La falta de pruebas no descalifica del mismo modo según quien la esgrima. Aunque no haya pruebas, los demócratas y la prensa afín pueden dictaminar que la hipótesis de la colusión entre Trump y Putin es “seria” y merece ser investigada. Como también fue seria en otro momento la tesis –por el momento aparcada– de que Moscú tenía material comprometedor que podía utilizar contra Trump. Pero si Trump responde a este juego con otra denuncia sin pruebas, como que Obama le espió, entonces no es más que una cortina de humo sin base.

Si Trump denuncia a parte de la prensa como “enemigos del pueblo” es una prueba de su retórica extremista; pero basta calificar a Trump de “fascista” para tener carné de defensor de la democracia.

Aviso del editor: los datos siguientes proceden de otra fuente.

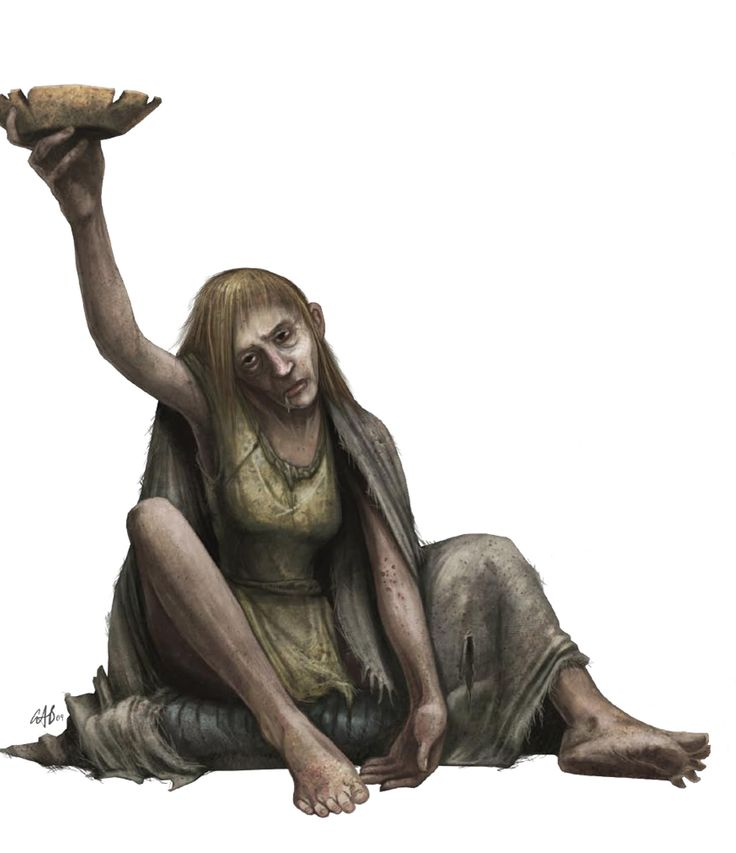 The Warrens welcome no one. The labrynthine ghettoes wind their way around Glasspeak, which looms far above. The high black walls of the Warrens are coated in a thick carbonic sludge built up over years of poverty and industry. Beggars and theives line the streets and shadows. While the Warrens house many, they are home to none.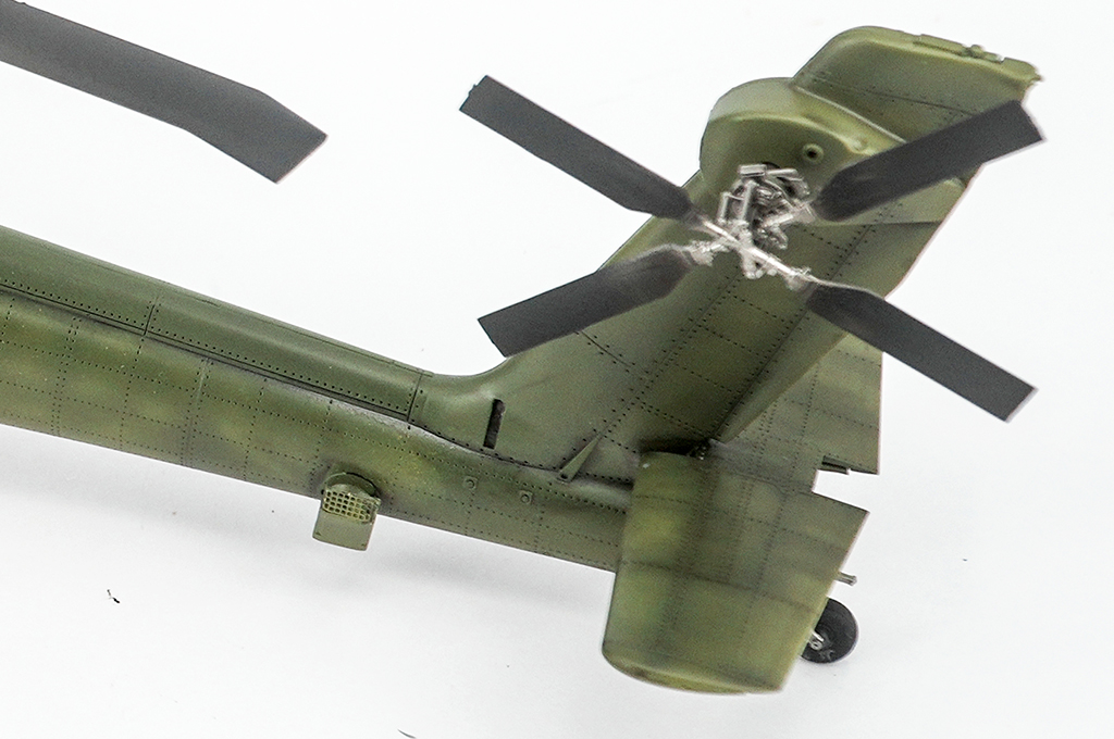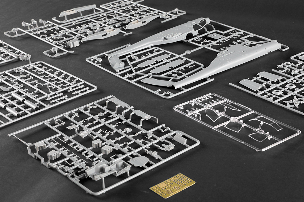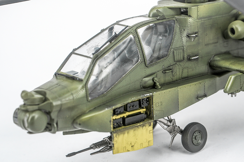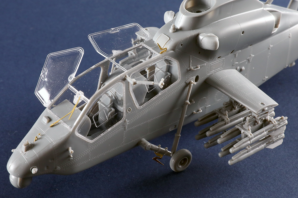 製品は精密なモールドで機体のモールドやパネルライン、各種兵装(機首下グレネードランチャー/ロケット弾ポッド/20mm機関砲/12.7mm重機関銃)と機体内部やエンジンを精密再現。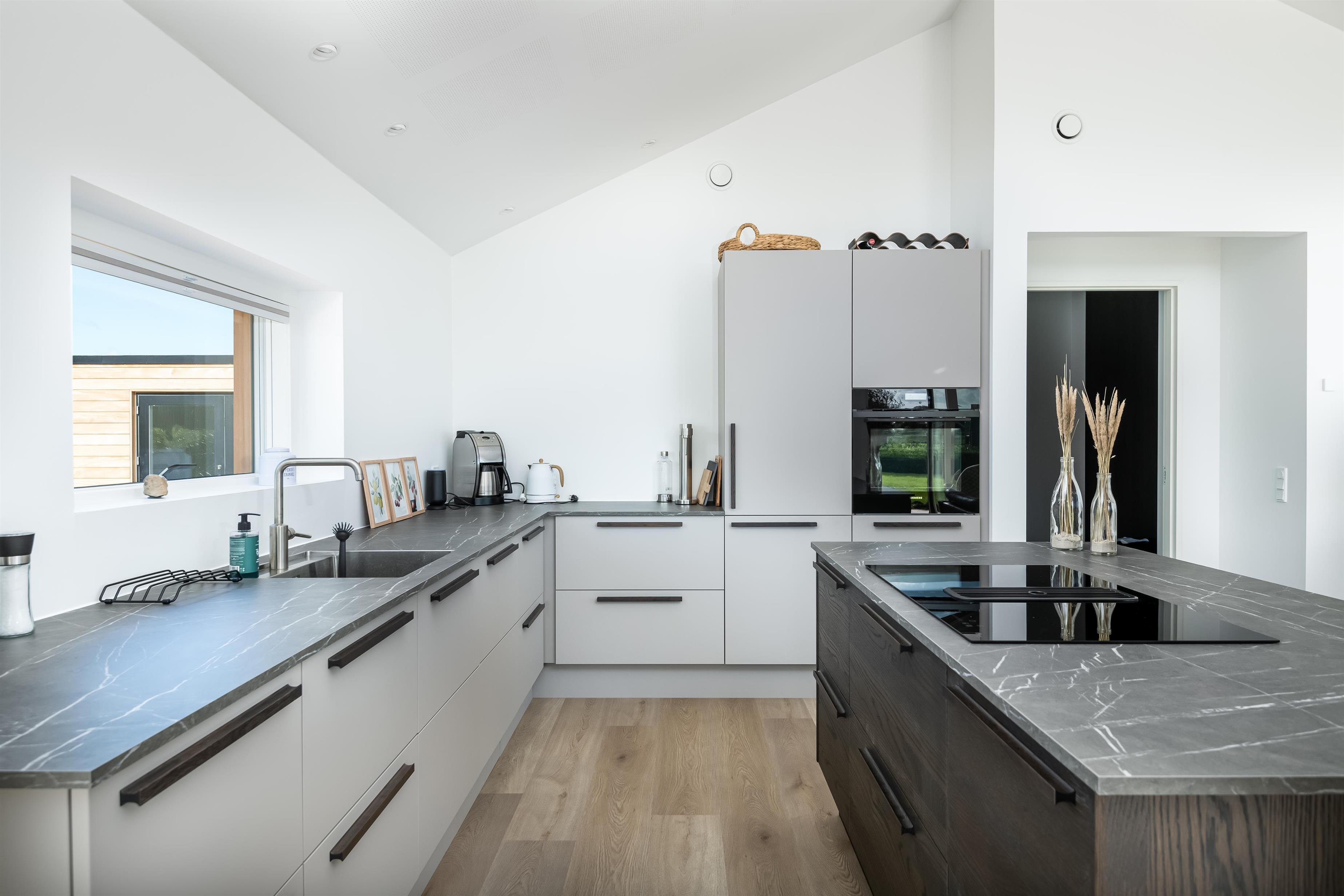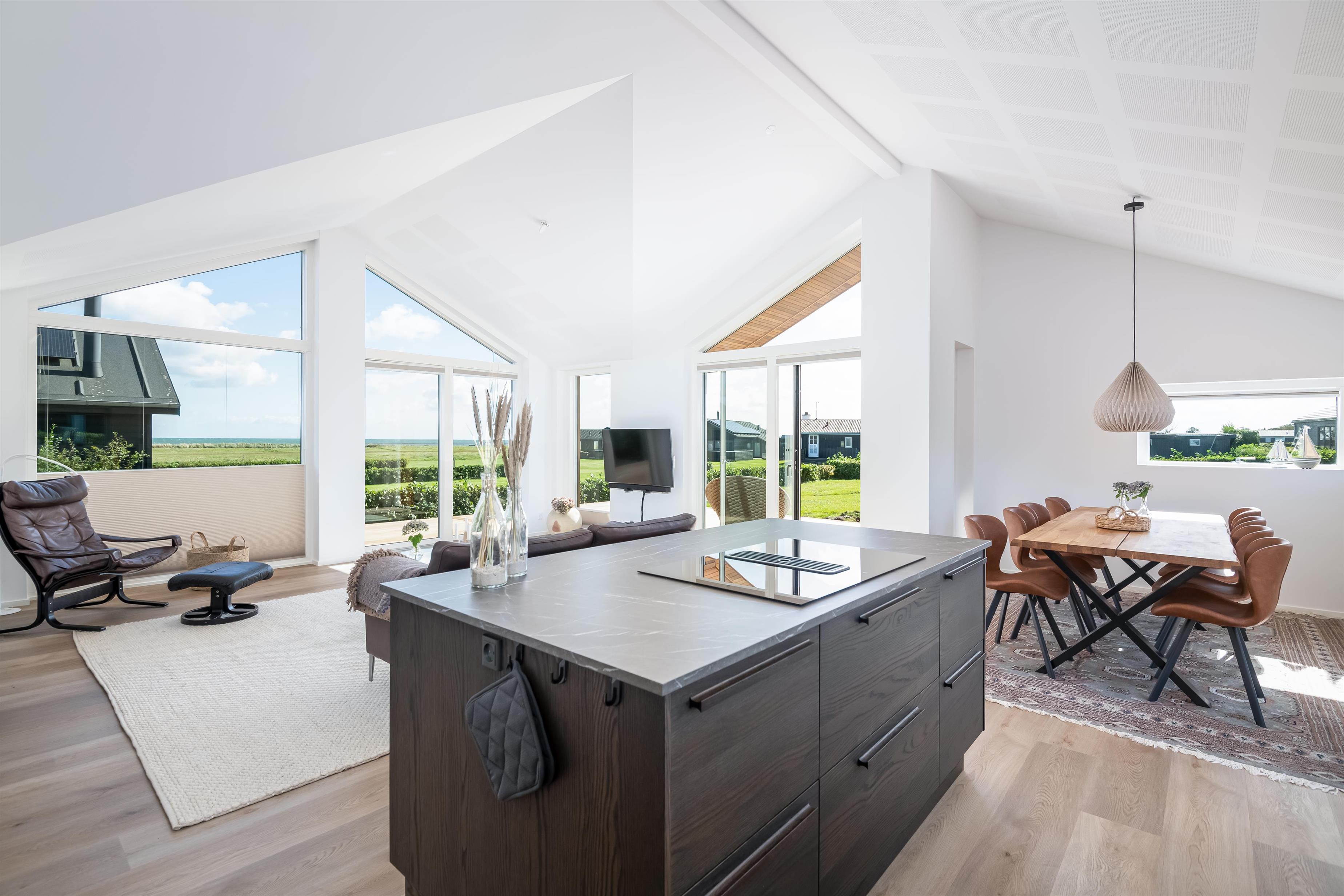 Alrummet er rummeligt, højt til loftet og lyst indrettet, med stort vinduesparti vendt mod havet. Derudover er der sofagruppe og spiseområde i tæt forbindelse med køkkenet og tilhørerende køkken ø, der indbyder til hyggelige timer og god mad. Huset er udstyret med kølefryseskab, opvaskemaskine, vaskemaskine og tørretumbler.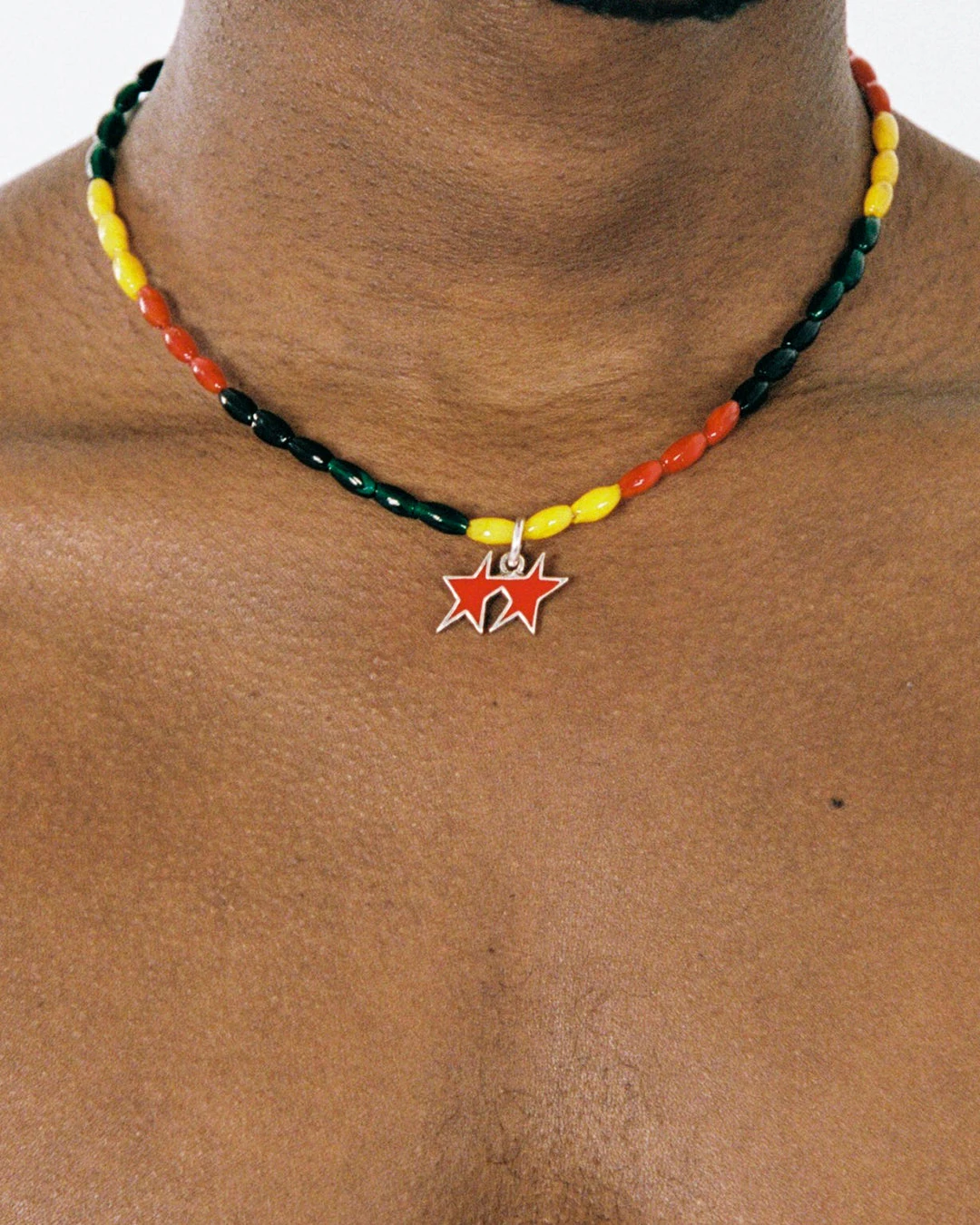 The Jamaican Necklace is made of natural blue stained-glass beads, with the icon logo charm bathed in silver and red enamel.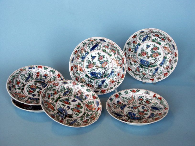 6 Borden met decor van rots en een prunustak, waterplanten, karper en insecten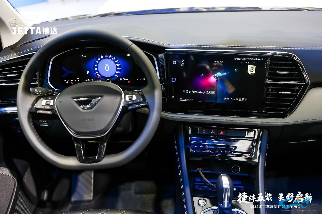 战魂铠甲的设计采用了一种尖锐且富有攻击性的进气格栅,营造出独特的前脸形象。车身两侧的风之翼同色侧裙与尾部的云之翼尾翼相辅相成,创造出一种连贯的雕琢流线效果,从车头一直延伸到车尾。这些细节在视觉上增强了车辆的宽度感,提高了视觉冲击力,同时形成了多层次的光影效果。锐利的星形日间行车灯和纤细的LED前大灯进一步强调了这种如雕塑般的力量之美。 现代而精致的“JETTA”字样取代了传统的车标,展现出更加现代和高品质的形象。新款捷达VS5引入了一种名为“闪耀蓝”的车漆,呈现出清澈透明的视觉效果,为车辆增添了一份清新感。除此之外,还有跃动蓝、极地白、星河灰、锰石黑等多种颜色可供选择,以适应不同消费者的个性化需求。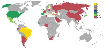 - Europe (UEFA) : 14 ou 15[5] places pour 51 équipes, dont une automatiquement attribuée au champion en titre (France) ;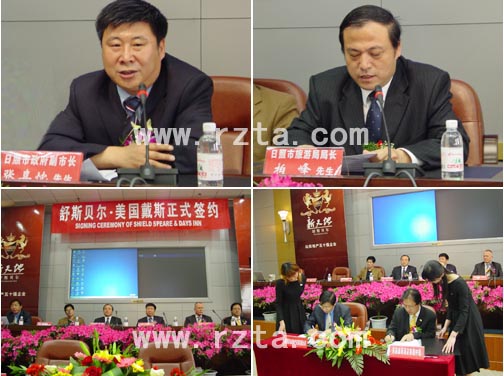 5月10日上午,山东五十强企业——日照舒斯贝尔与全球五百强、世界第一酒店管理集团——美国戴斯酒店集团合作签约仪式暨新闻发布会隆重召开,日照第一高度俯瞰全城、首个国际知名品牌酒店集团管理经营的特色主题化、四星级产权酒店——日照戴斯大酒店盛装亮相。日照市副市长张喜忱、日照市旅游局局长柏峰、日照电视台副台长王一海、美国胜腾集团副总裁Ben Ancher、美国戴斯酒店集团(中国)总裁陈嘉财出席签约仪式。张喜忱副市长、柏峰局长分别作重要讲话。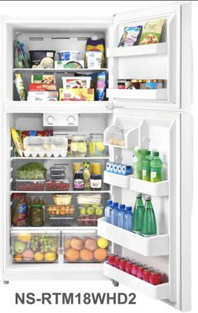 ——- NEW OPEN BOX Insignia 18 Cu. Ft. 30” Top-Freezer Refrigerator with Handles, White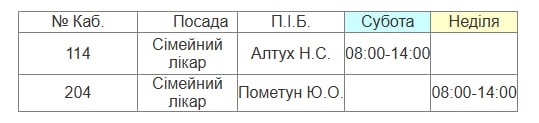 Графік роботи лікарів НКП «ПУ МЦПМСД» з 17.01.2026 - 18.01.2026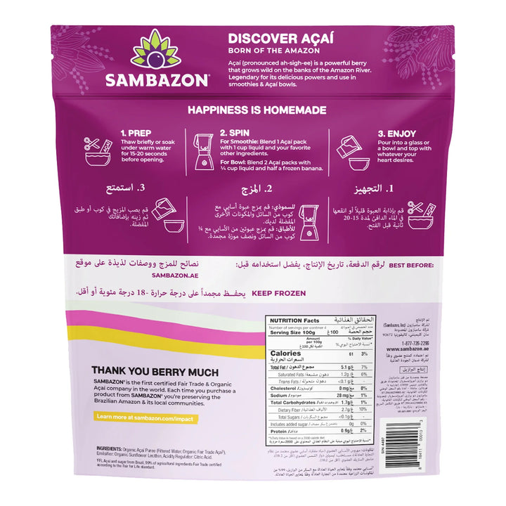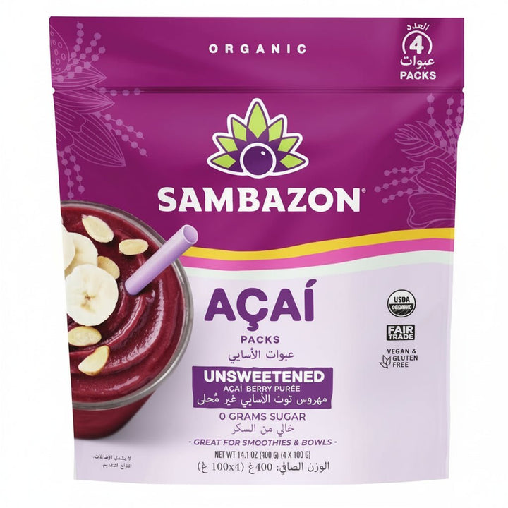استمتع بقوة توت الأساي العضوي مع سامبازون مهروس فاكهة توت الأساي العضوي 400 جم، المنتج المثالي لتحضير أطباق الأساي الصحية والعصائر الطازجة في المنزل.
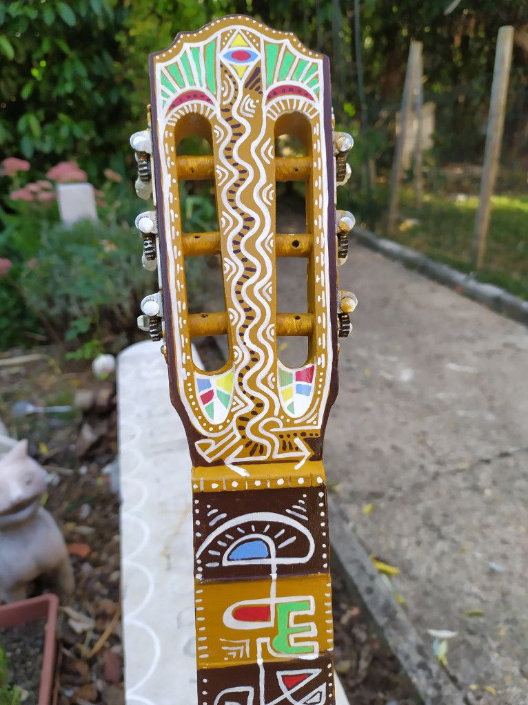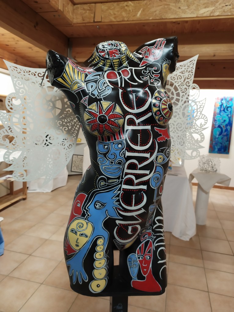 Je suis bien confuse en regardant mon site ce matin, je me rends compte que je l’avais presqu’oublié… Pourtant j’en ai du matériel à montrer, et des amusements finis.. Fan des bustes plastique, j’ai poursuivi cette quête de transformation, découvrant sur ma dernière, la Femme Lune, la joie de la travailler aux pigments. Ma petite guitare aussi y est passé.. Si on ne m’arrêtait pas je pense que les chaises et les murs de la maison seraient recouverts, les meubles sont déjà faits..alors j’essaie de me canaliser, il me reste encore un buste vide, ensuite j’irai à la pêche aux supports!!!

Haber tenido algún contacto con el embajador ruso en EE.UU., el dinámico Serguéi Kisliak, admite también diversas lecturas. Si se trataba de un candidato al gobierno de Trump, haber hablado con el embajador equivale a una reunión de compinches para sabotear la democracia, lo que le descalifica para el puesto; pero si luego resulta, como ha resultado, que también se entrevistó con destacados políticos demócratas, esto no es más que un ejemplo de relaciones habituales. Por otro lado, ¿no es normal que un embajador procure hablar con políticos de todos los lados para recabar información y saber qué opinan?

La pista de la supuesta “trama rusa” debería llevar a decisiones de Trump que favorezcan los intereses de Putin. Sin embargo, su primer presupuesto prevé un aumento del 10% en un ya abultado capítulo de Defensa, lo que no debe de haber hecho muy feliz al presidente ruso. En vez de la paloma de la paz ruso-americana, nos encontramos con un halcón que quiere que “EE.UU. vuelva a ganar guerras”.

Hasta ahora, los halcones americanos buscaban la confrontación con Rusia, mientras que la izquierda liberal subrayaba las virtudes del diálogo y la influencia del soft power. En cambio, ahora parece que para los críticos de Trump, la Guerra Fría no ha terminado y cualquier entendimiento con la Rusia de Putin es anatema.

Si algo enseña el episodio del macarthismo es a no confundir los hechos con las sospechas, a no perseguir a los adversarios políticos en nombre de la seguridad nacional, y a evitar los linchamientos mediáticos que crean un clima de histeria.